Tl;dr: Cryonics companies have a pre-written bottom line. If people believe cryonics has a reasonable chance of success, they are significantly morally obligated to form a charity that would give cryonics away, as such a charity would be far more effective in convincing, and by extension saving people, since it would have no incentive to pre-write a bottom line. Over time, such a charity would increase general demand for cryonics, bringing it into the mainstream and making traditional cryonics companies more successful.
Let us assume for the purposes of this post, as I'm sure many of you believe, cryonics stands a reasonable chance (Let's pick p = 0.05) of being successful. It seems pretty clear that you have a pretty strong moral obligation to attempt to get people signed up for cryonics. There is a lot of talk about things like Cryonics versus charity. Robin Hanson even has a post "Cryonics as Charity", although he means an entirely different thing than I do. But in searching, I was surprised not to find a post that asked this question: why isn't there a charity that provides cryonics to, for example, people that can't afford it? Or one offering it to the greatest minds of our time, in the hopes that they'll be around for all of our futures?
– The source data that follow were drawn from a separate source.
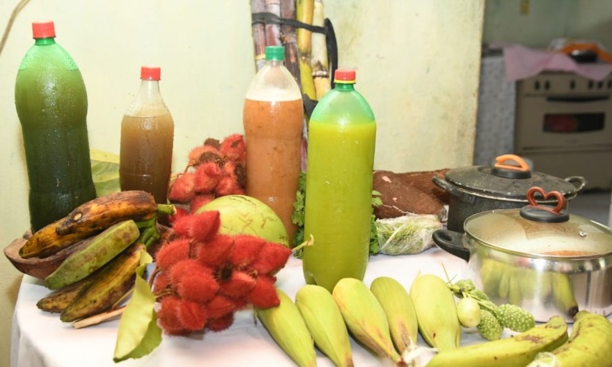 Foram dona Luzia e seu Adelmar, moradores da comunidade Vereda dos Cágados, quem receberam a equipe da prefeitura e prepararam uma mesa farta com um pouco de tudo o que produzem, como bolo de arroz, pão caseiro, pão de queijo, buchada de bode, caldeirada de tilápia, macaxeira cozida, caldo de cana, sucos e outros alimentos.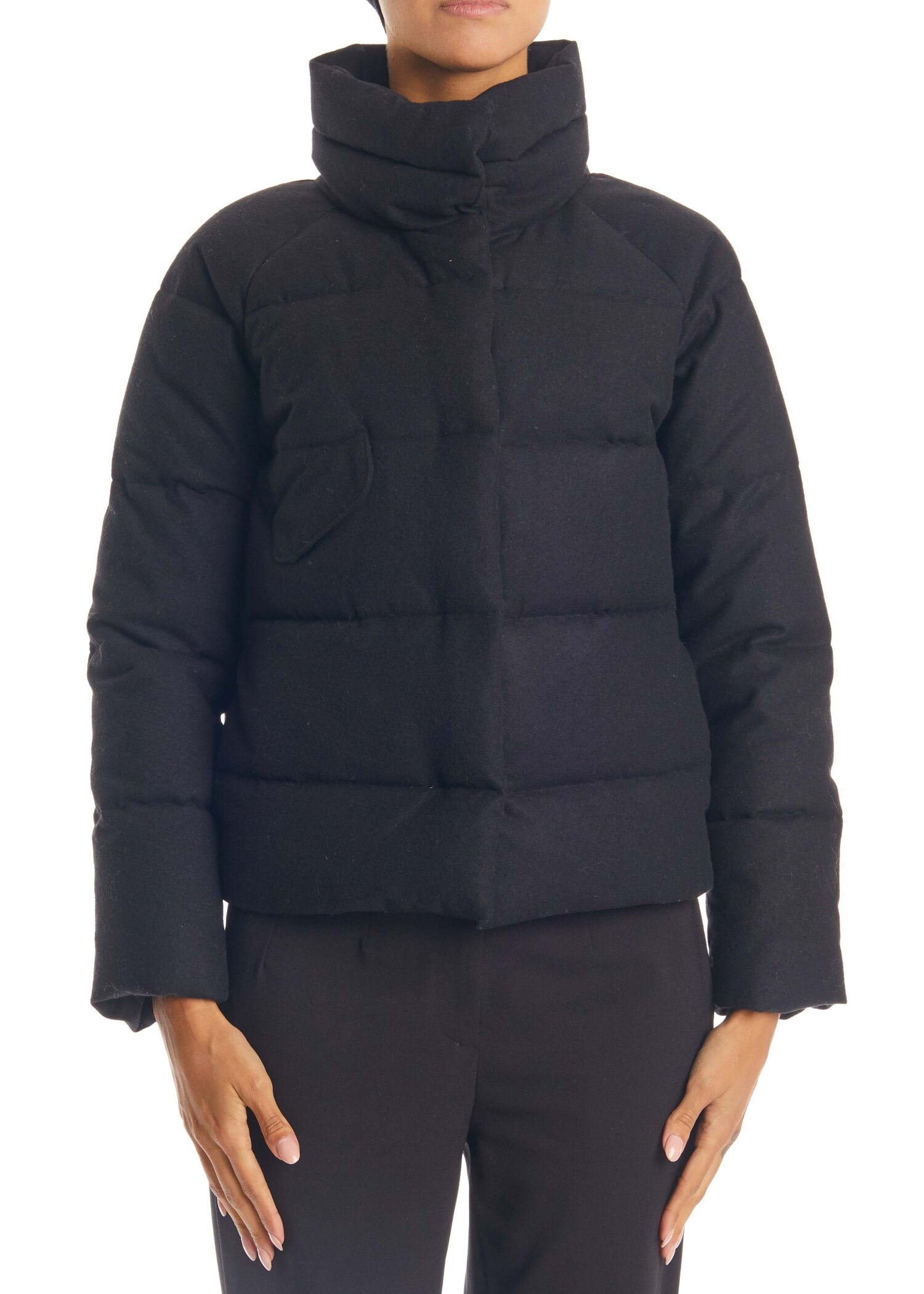 Piumino imbottito con esterno in flanella di lana, collo alto.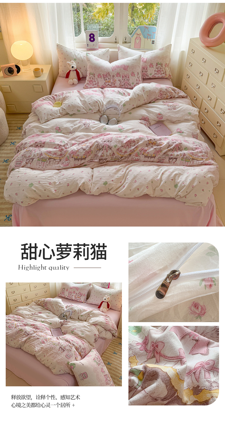 当前位置: 91家纺网 > 商品网购 > 床品套件 > 四件套 > 水洗棉四件套 > 温眠 2025新款亲肤柔软卡通印花水洗棉四件套 甜心萝莉猫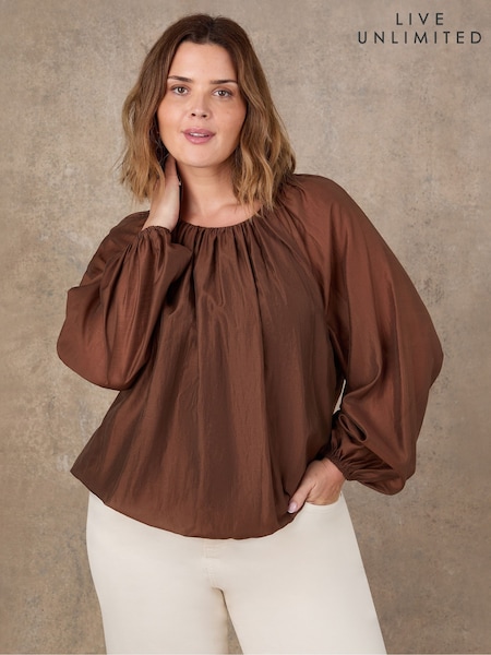 Live Unlimited Brown Blouson Sleeve Boho Blouse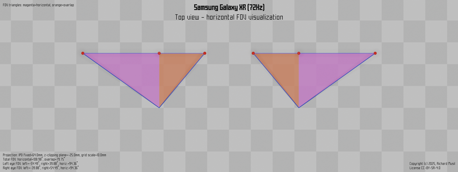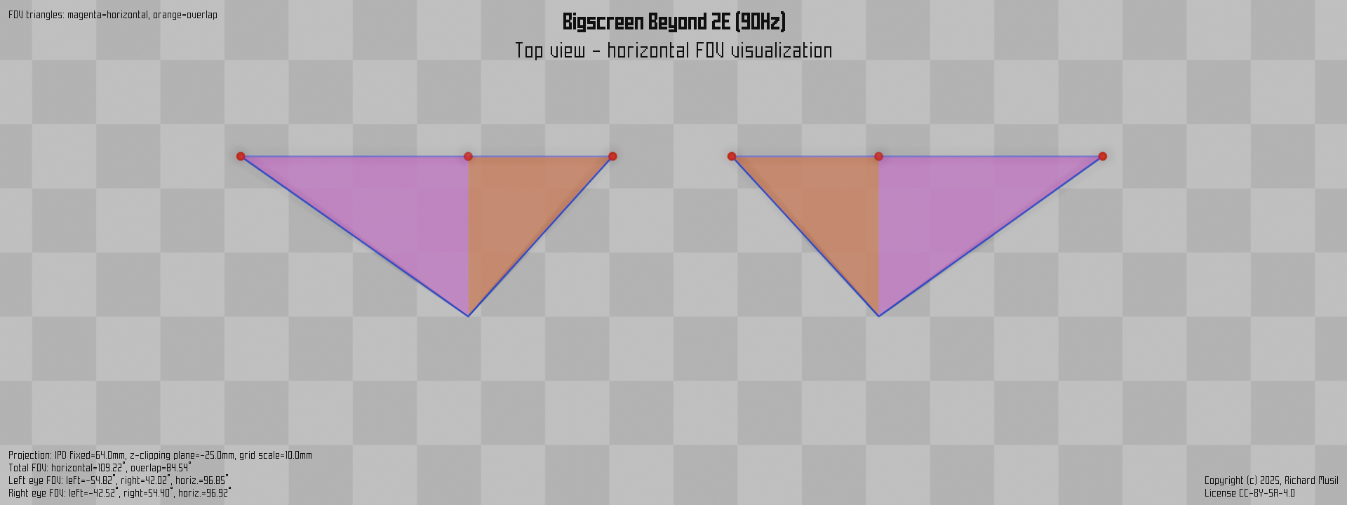 Overlap: Stereo overlap, i.e. the angular range in a horizontal plane at the eye level visible by both eyes.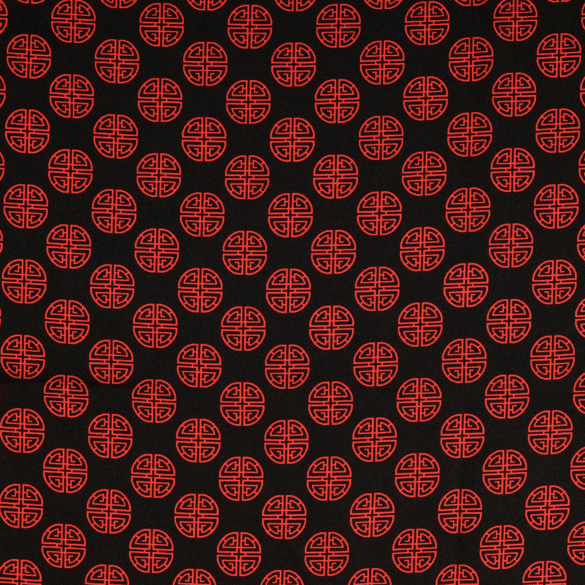 Design mit fernöstlich angehauchten roten Symbolen auf schwarzem Grund.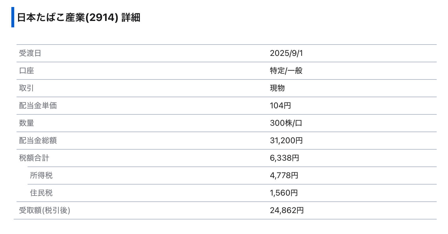 2025年9月1日、日本たばこ産業(JT、証券コード:2914)から配当金31,200円(税引後24,862円)を受け取りました。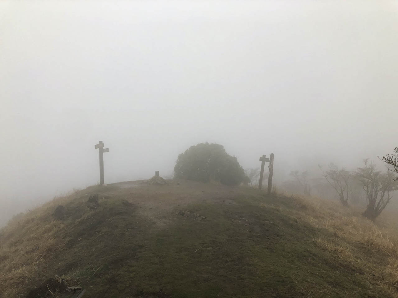 18時ごろ頂上に到着。まだ日は落ちていないが辺りは霧で一面真っ白で景色どころではない。辛かった記念に頂上の道標だけ写真に収め、すぐに下り始める。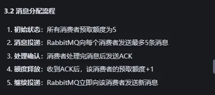 使用qos保证负载均衡:避免单个消费者处理过多消息而其他消费者空闲的情况,通过设置预取消息数量,处理时间,流程类似于这样。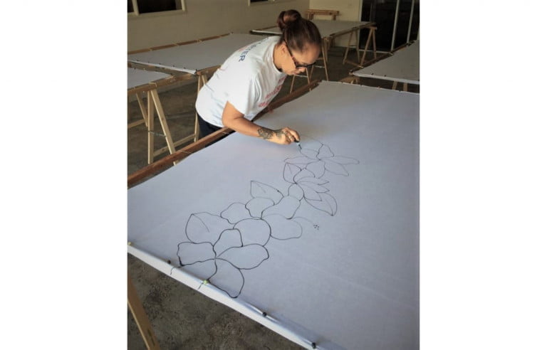 “Je suis touche à tout. J’aime les couleurs. Je peins beaucoup de fleurs. Aucun de mes paréos n’est identique.”

There's been a lot of speculation as to why cryonics isn't more popular. The answer, at least for me, is obvious. There's a tremendous dearth of reliable information on the subject. The fundamental problem with medicine is the information gap between consumer and provider - consumers don't have the scientific knowledge to make an informed purchase. But in conventional medicine, you can easily get a second opinion, whereas in cryonics, few people, from the media to medical professionals, take it seriously enough to offer a well thought out second opinion, even if that opinion is against it. And what information I have seen linked to on the subject is generally published by CI or Alcor. Ironically, when I asked for "unbiased" information on the matter, I got exactly what I wasn't looking for - information from a company that wants me to pay them, at minimum, $200,000. The result? An informational balance where one side presents no argument, and the other side presents an argument with a pre-written bottom line.
This is where the idea of a charity comes in. A charity would have no financial incentive to pre-write the bottom line, and is generally seen as a more reputable source of information, as it should be. Furthermore, it would help destigmatize cryonics, as part of the stigma (as I see it, I can't really tell you what gives me this impression) is that you've been "hoodwinked" by the companies. Obviously, it's not tenable for everyone to freeload their way to cryonics. But a charity would serve to bring cryonics into the mainstream and increase demand, providing a (more) neutral source of information. Which would, in time, make organizations like CI and Alcor far more popular.